#### What you will do:
From the records below, print only the part that opens with the line containing "Baby Trend Nexton" and closes with the line containing "Financial Planning Class"; omit the pictures.

#### Supplied material:
**********

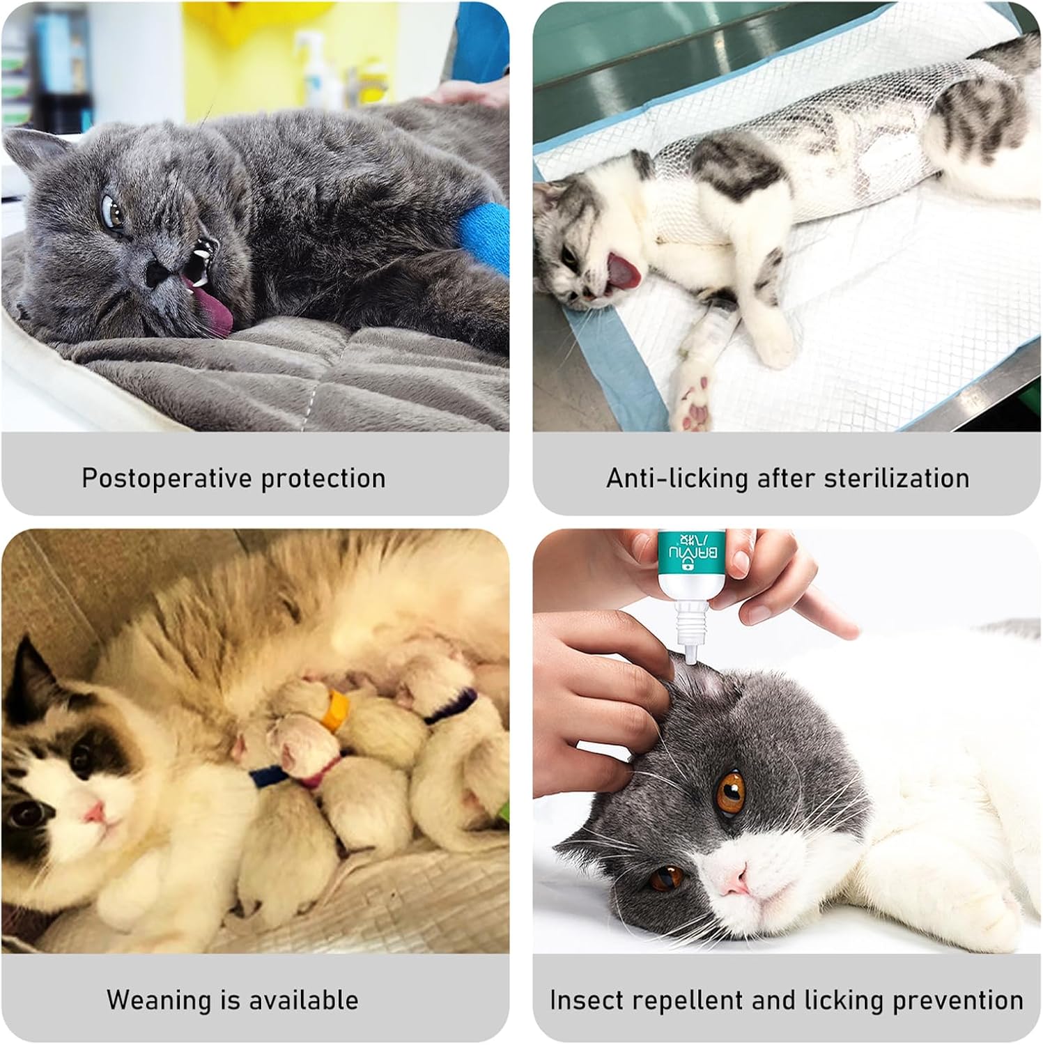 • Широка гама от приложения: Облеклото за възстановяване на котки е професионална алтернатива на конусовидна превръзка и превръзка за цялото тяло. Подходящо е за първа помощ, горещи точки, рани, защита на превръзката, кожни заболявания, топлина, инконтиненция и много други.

**********

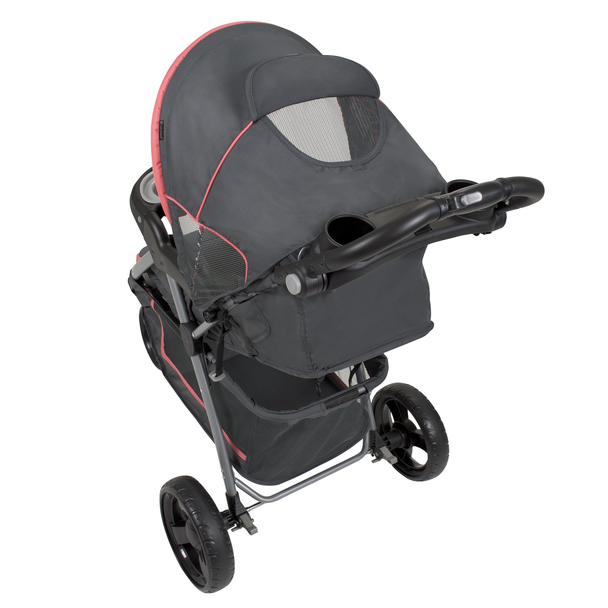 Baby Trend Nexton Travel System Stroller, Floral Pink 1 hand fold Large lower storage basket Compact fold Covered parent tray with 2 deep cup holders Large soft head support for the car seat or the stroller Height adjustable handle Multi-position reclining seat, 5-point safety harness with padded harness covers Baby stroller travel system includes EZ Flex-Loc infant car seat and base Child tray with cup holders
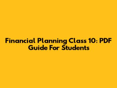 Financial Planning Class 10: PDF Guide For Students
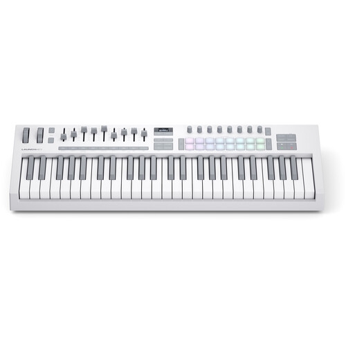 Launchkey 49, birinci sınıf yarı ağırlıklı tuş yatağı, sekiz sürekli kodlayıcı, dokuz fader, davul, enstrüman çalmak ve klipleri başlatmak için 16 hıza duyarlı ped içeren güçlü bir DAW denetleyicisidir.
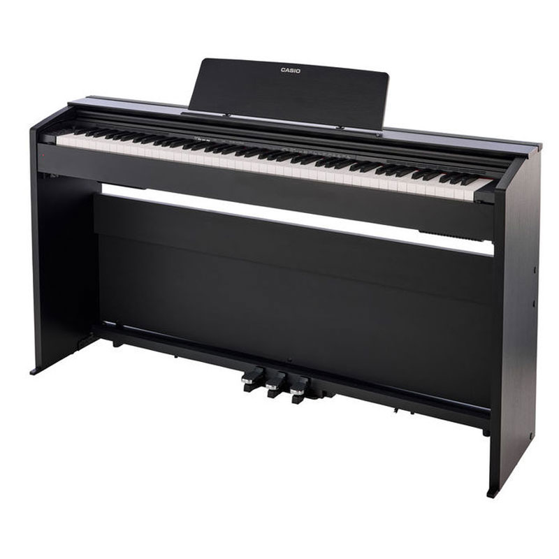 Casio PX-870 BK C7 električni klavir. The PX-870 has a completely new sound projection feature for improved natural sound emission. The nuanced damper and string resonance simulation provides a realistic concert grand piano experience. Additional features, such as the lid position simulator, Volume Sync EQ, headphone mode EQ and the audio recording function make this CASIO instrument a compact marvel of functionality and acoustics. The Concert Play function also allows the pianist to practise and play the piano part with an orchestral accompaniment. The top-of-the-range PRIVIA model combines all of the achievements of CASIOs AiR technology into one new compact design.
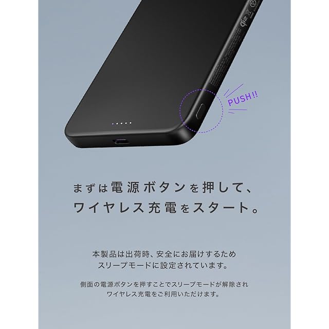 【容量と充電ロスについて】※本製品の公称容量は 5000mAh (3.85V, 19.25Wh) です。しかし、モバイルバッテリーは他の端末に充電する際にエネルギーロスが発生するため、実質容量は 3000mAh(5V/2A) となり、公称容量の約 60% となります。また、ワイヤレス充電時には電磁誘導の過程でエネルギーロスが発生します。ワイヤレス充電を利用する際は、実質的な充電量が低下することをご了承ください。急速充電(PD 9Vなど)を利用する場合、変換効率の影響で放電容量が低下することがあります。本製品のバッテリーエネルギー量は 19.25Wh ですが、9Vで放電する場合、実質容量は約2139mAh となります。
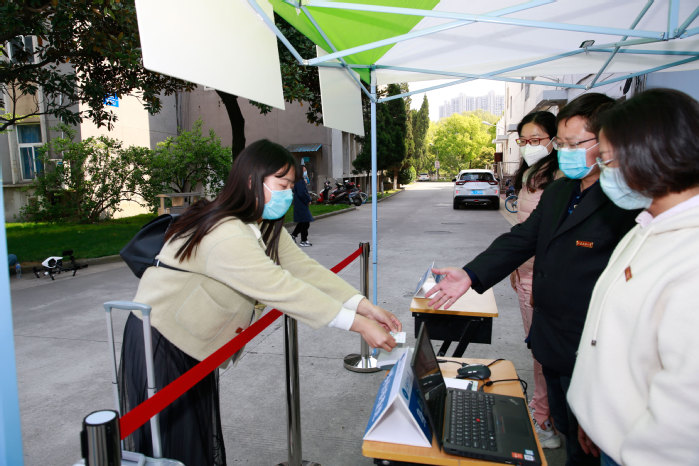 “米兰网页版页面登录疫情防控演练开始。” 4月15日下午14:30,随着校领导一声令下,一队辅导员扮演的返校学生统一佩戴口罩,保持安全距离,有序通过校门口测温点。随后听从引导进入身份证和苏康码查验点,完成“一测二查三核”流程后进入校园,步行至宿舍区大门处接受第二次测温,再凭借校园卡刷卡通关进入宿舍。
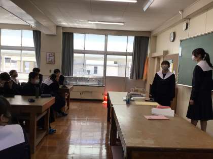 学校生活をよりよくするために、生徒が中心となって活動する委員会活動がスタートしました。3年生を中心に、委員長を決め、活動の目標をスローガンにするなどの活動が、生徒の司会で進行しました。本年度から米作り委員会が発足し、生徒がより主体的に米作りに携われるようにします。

**********

#### Answer below:
 Baby Trend Nexton Travel System Stroller, Floral Pink 1 hand fold Large lower storage basket Compact fold Covered parent tray with 2 deep cup holders Large soft head support for the car seat or the stroller Height adjustable handle Multi-position reclining seat, 5-point safety harness with padded harness covers Baby stroller travel system includes EZ Flex-Loc infant car seat and base Child tray with cup holders
 Financial Planning Class 10: PDF Guide For Students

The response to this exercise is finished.